Nils Frahm, “Kaleidoscope”, in https://www.youtube.com/watch?v=6KCY1eRnzcM
Será a matéria furtiva a caução para a âncora que se lança na noite?
Os provérbios querem que haja povo a acreditar neles. Não são nada sem o povo, que é o seu fautor. O povo seria refém de uma orfandade se não tivesse bússola num compêndio de provérbios. Está por determinar o que seria do povo se um déspota malévolo (não os havendo benévolos, e essa é uma certeza categórica) determinasse a extinção dos adágios populares.
É como num cozinhado, os ingredientes não são por acaso e respondem à idiossincrasia de um povo. Pois foi o povo o soberano da construção da gastronomia: as pessoas têm de comer para se manterem, é preferível que o façam com proveito para o gosto. Mais tarde, uma casta de iluminados toma lugar na gastronomia e reinventa os modos. Reinterpreta o receituário. A parte substancial do povo não se diz destinatária da criatividade culinária. Estranham a combinação original de ingredientes, desconfiam, sobretudo, das doses homeopáticas em que são servidas as iguarias. O povo não nasceu para ser magro.
Para não serem acusadas de conservadorismo, as pessoas são desafiadas a estilhaçar as convenções que as amordaçam. Mas não dão conta da mordaça que restringe a sua vontade. Muitas continuam sitiadas nos lugares exíguos onde se sentem confortáveis. Os costumes por que se regem devolvem algum senso de pertença, não os entendem como limitações. Nos confins da autoproclamada intenção de conduzir as massas, os engenheiros sociais desconfiam da lucidez do povo. É compreensível: querem é um povo dependente do pensamento dos predestinados que pensam por eles; querem um povo obediente, que não ouse sair dos seus limites. Se forem nómadas no pensamento, aprendem a usufruir da autonomia, que torna os engenheiros sociais dispensáveis.
A matéria é subjetiva.

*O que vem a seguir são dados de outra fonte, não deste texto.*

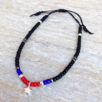 アンクレット メンズ シルバー925 シンプル 日本製 星 ビーズ トリコ ワックスコード ハンドメイド 大きいサイズ ブラック ターコイズ レッド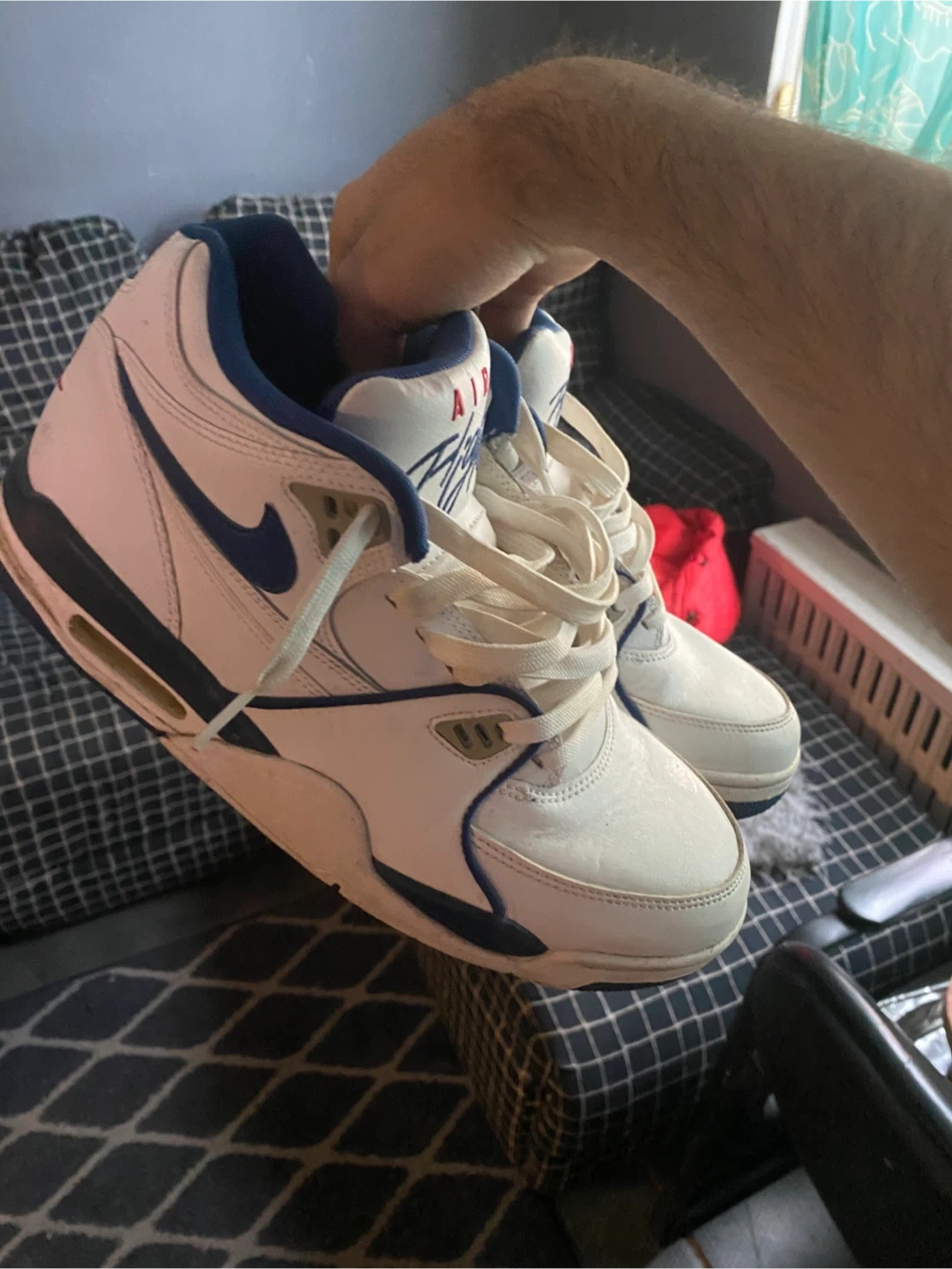 Selling a pair of Nike Air Flight 89 in the 'Dark Royal Blue' colourway. They are size 9.5. These shoes are in great condition and ready for a new owner!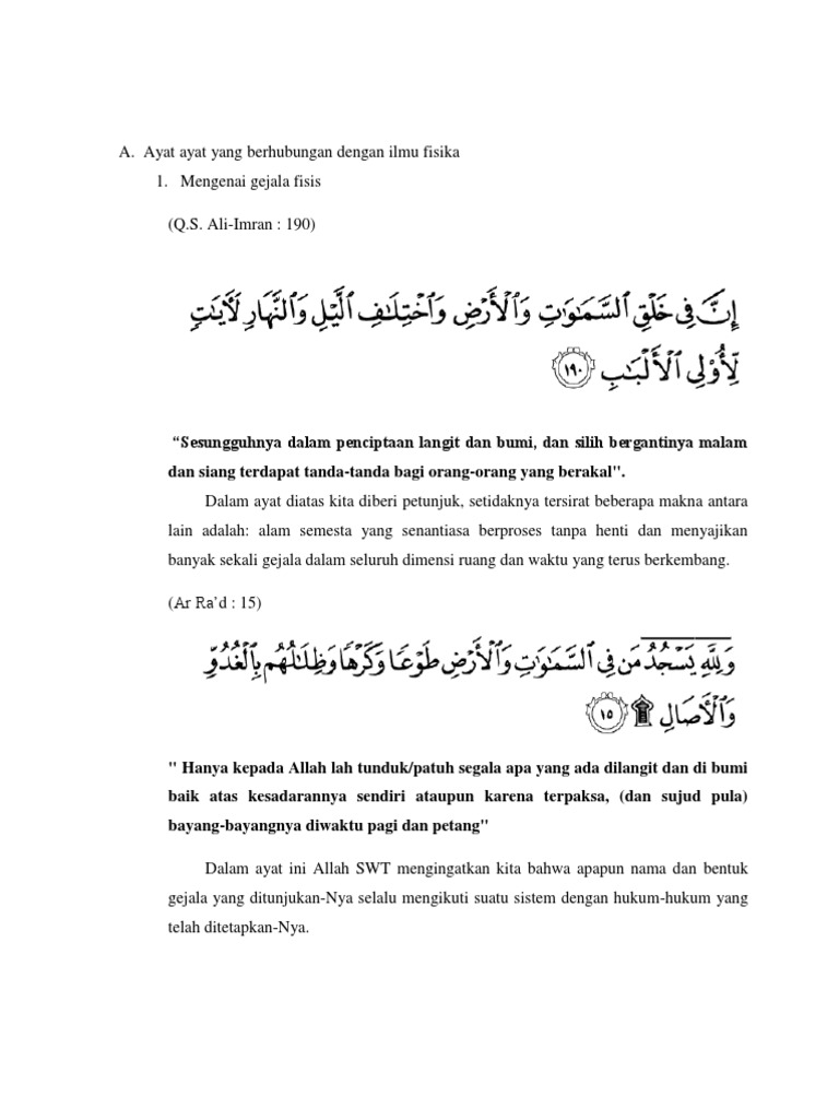 Ayat ayat al quran tentang ilmu pengetahuan. Ayat al quran tentang pendidikan anak, usia dini, moral, multikultural, karakter, dsb. Azab pun menimpa mereka, padahal sebelumnya mereka menghina dan. Surat al mujadalah ayat 11. Al quran juga menganjurkan manusia untuk berdoa semoga allah swt menambah ilmu pengetahuan kepadanya. Aali 'imran (ali 'imran) 3 : Matematika adalah ilmu pengetahuan yang banyak membahas tentang angka dan bilangan. Hal ini dikarenakan ilmu sendiri berperan penting dalam peradaban manusia. Hal ini diselesaikan lewat pengetahuan, matematika dan pengalaman praktis yang diterapkan untuk mendesain objek atau proses yang berguna. Islam sendiri adalah agama ilmu dan menjunjung tinggi ilmu pengetahuan. Meununtut ilmu merupakan salah satu ibadah yang diwajibkan dalam agama islam, dan banyak ayat di dalam alquran yang membahas tentang keutamaan seorang yang menuntut ilmu. Menuntut ilmu merupakan hal yang paling wajib yang dilakukan manusia untuk memperluas wawasan sehingga derajat kita pun bisa terangkat. Semoga apa yang penulis tulis dalam makalah ini sedikit membantu pembaca dalam memperoleh khazanah khazanah keislaman yang baru.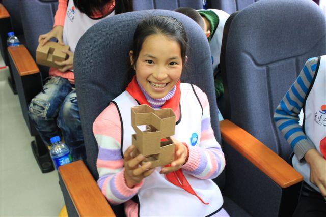希望小学的同学正在展示用再生纸制作的环保笔筒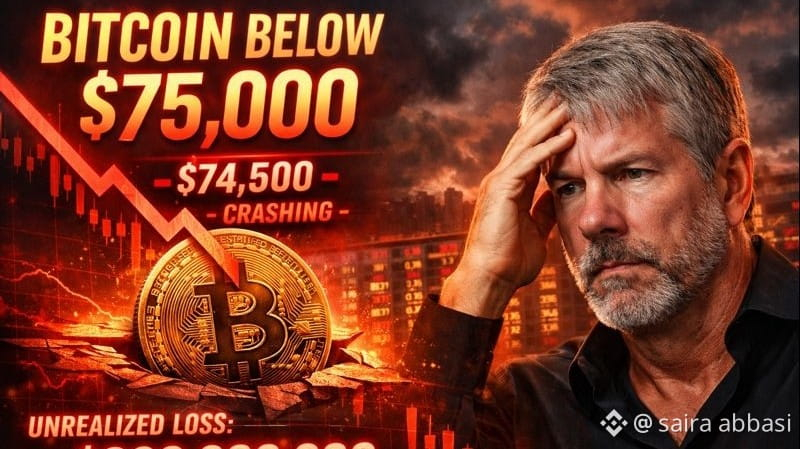 Bitcoin has dropped below $USDT 75,000, slipping under Strategy’s average purchase price of roughly $76,000 per BTC. With that key level broken, Michael Saylor’s massive Bitcoin position has moved firmly into the red.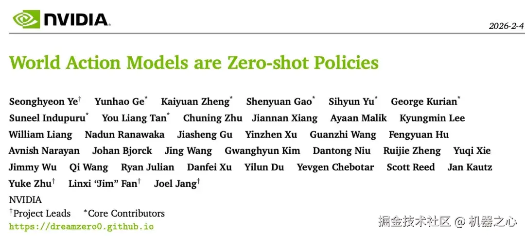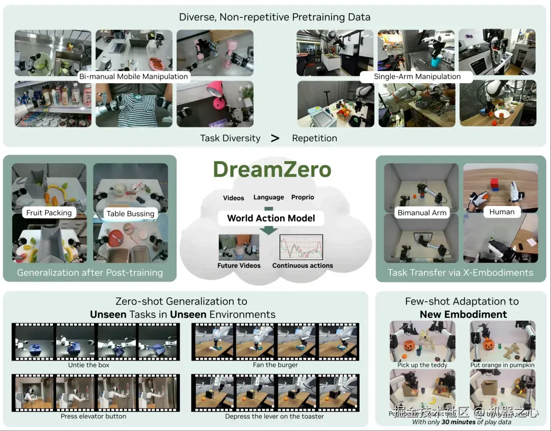 最近,英伟达 GEAR 实验室提出 DreamZero,一种基于预训练视频扩散骨干网络构建的世界动作模型(WAM)。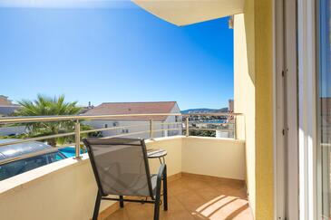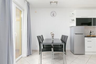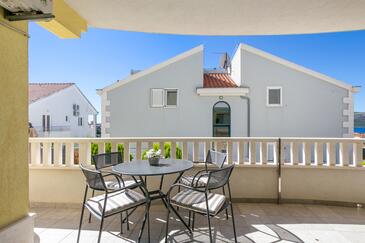 Appartamento può accogliere 5 ospiti. I letti sono disposti nelle camere da letto che sono 2, e nella camera di soggiorno, su 55m2. Gli ospiti hanno a disposizione il proprio terrazzo per godere nelle calde serate estive. Dall'appartamento si gode di una vista sul mare. Si può preparare il cibo utilizzando il barbecue comune. Durante il soggiorno gli ospiti possono utilizzare la piscina comune.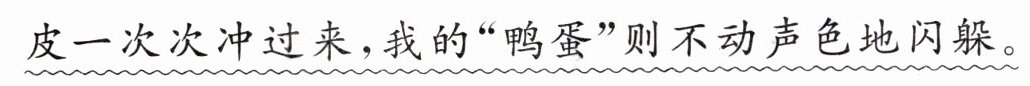C. 大陀螺摇头晃脑,挺着肚皮一次次冲过来,我的“鸭蛋”则不动声色地闪躲。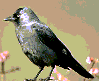 Jackdaw, common name for two birds of the crow family. The European jackdaw is about 33 cm (13 in) long. It is dark grey, blackest and glossiest on the head, back, wings, and tail, with a paler grey neck. The Daurian jackdaw, of eastern Asia, is similar but paler, with a more common colour phase in which the foreback, neck, and belly are white. Originally nesting in hollow trees or cliffs, jackdaws have adapted to urban life and nest on churches, castles, and other old buildings. Like other crows, they are omnivorous and noisy.
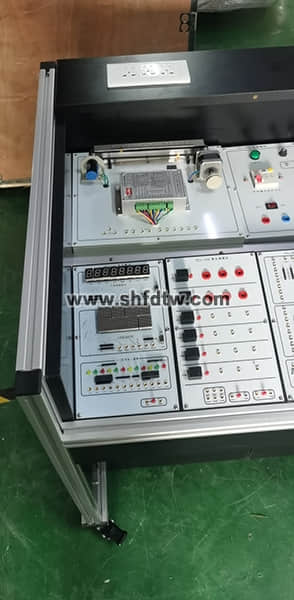 单片机控制功能实训考核装置采用铝木台式结构。实训台的抽屉柜用于存放实训模块,抽屉柜与台面之间布置实训模块安装支架,最上一层是工作台台面。用于技能竞赛时在台面上放置设备安装底板,在底板上安装试题拟定的单片机控制装置需要的模块,连接控制电路,编写的控制程序输入单片机后,按下运行指令开关,单片机控制装置就按程序运行。放置在单片机实训室中,这就是一张实训台。当讲解理论或实训项目中的相关知识时,可以当做课桌;当需要进行实际操作时,将台面打开,就露出放置在安装支架上的模块,在需要的实训模块间按实训要求连接电路,编写控制程序,就可以按照设计的实训项目进行单片机技术的教学。

Por mais que os rostos dos costumes sedentários argumentem em sentido contrário. Se não houvesse carris que enfeudam as pessoas, se todo o chão que pisam fosse puro baldio, não haveria dependências que ostracizam o pensamento. Não haveria quem, falsamente benévolo, orquestrasse uma castração sem ser notada, sob pretexto de poupar as massas ao incómodo do pensamento.